● TASK INPUT
---*---

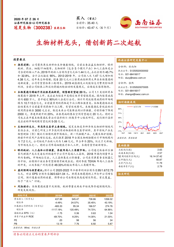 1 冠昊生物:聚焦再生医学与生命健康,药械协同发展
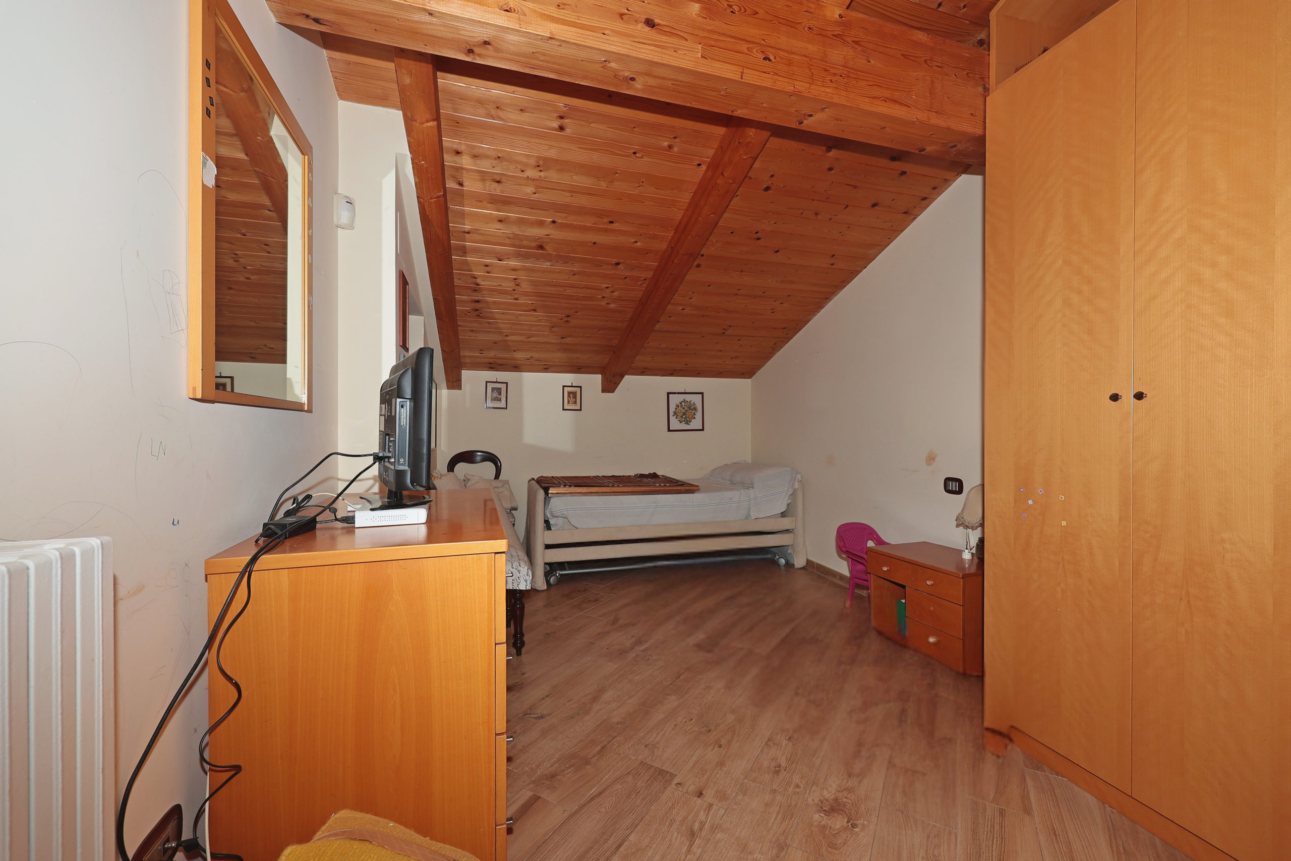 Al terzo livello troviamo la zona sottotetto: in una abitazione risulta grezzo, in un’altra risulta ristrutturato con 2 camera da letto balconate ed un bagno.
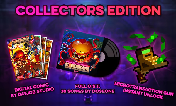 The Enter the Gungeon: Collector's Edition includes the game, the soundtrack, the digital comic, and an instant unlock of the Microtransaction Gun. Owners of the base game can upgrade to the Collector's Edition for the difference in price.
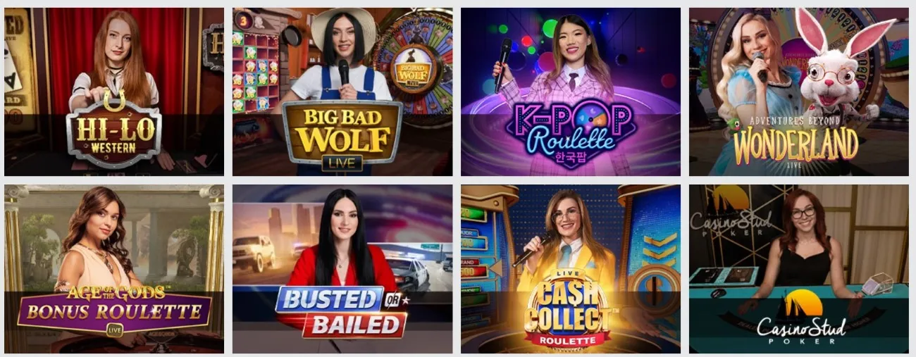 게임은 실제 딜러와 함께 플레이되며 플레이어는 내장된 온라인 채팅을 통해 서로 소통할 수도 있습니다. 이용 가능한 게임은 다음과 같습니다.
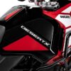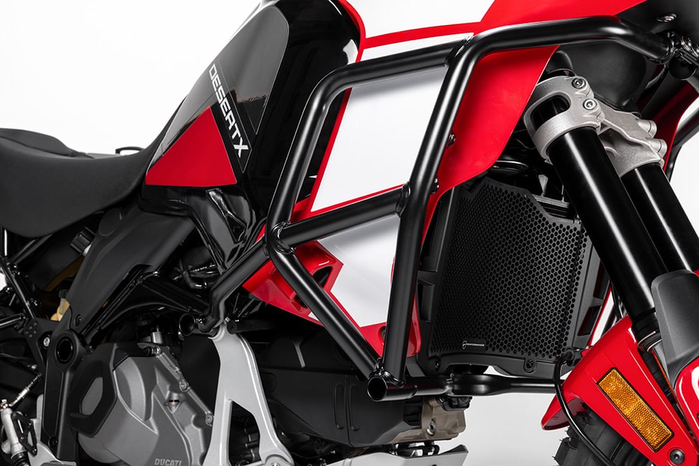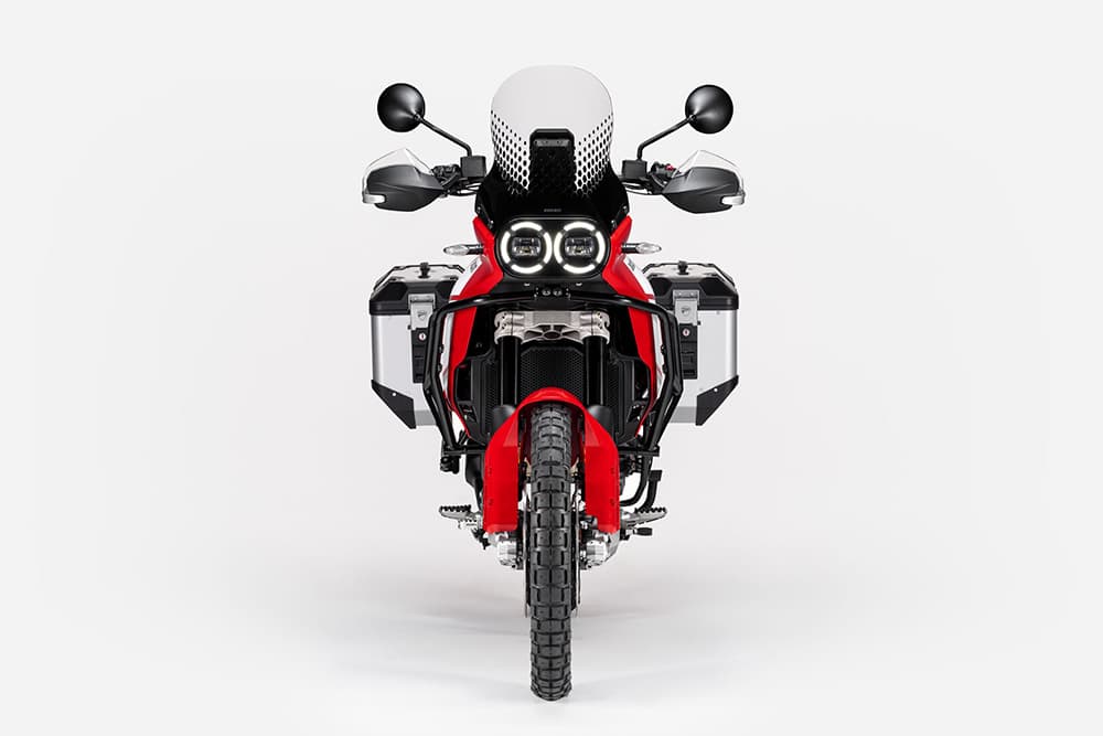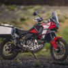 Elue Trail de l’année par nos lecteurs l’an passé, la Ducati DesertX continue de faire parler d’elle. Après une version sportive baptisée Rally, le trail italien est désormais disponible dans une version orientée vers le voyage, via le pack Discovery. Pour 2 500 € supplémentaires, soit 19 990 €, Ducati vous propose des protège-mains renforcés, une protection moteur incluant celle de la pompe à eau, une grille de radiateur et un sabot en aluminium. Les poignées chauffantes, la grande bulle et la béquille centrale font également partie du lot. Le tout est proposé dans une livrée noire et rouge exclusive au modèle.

---*---

● WHAT IS NEEDED
Give back the material above exactly, but without its images.

● SOLVED EXERCISE
 1 冠昊生物:聚焦再生医学与生命健康,药械协同发展
 Al terzo livello troviamo la zona sottotetto: in una abitazione risulta grezzo, in un’altra risulta ristrutturato con 2 camera da letto balconate ed un bagno.
 The Enter the Gungeon: Collector's Edition includes the game, the soundtrack, the digital comic, and an instant unlock of the Microtransaction Gun. Owners of the base game can upgrade to the Collector's Edition for the difference in price.
 게임은 실제 딜러와 함께 플레이되며 플레이어는 내장된 온라인 채팅을 통해 서로 소통할 수도 있습니다. 이용 가능한 게임은 다음과 같습니다.
 Elue Trail de l’année par nos lecteurs l’an passé, la Ducati DesertX continue de faire parler d’elle. Après une version sportive baptisée Rally, le trail italien est désormais disponible dans une version orientée vers le voyage, via le pack Discovery. Pour 2 500 € supplémentaires, soit 19 990 €, Ducati vous propose des protège-mains renforcés, une protection moteur incluant celle de la pompe à eau, une grille de radiateur et un sabot en aluminium. Les poignées chauffantes, la grande bulle et la béquille centrale font également partie du lot. Le tout est proposé dans une livrée noire et rouge exclusive au modèle.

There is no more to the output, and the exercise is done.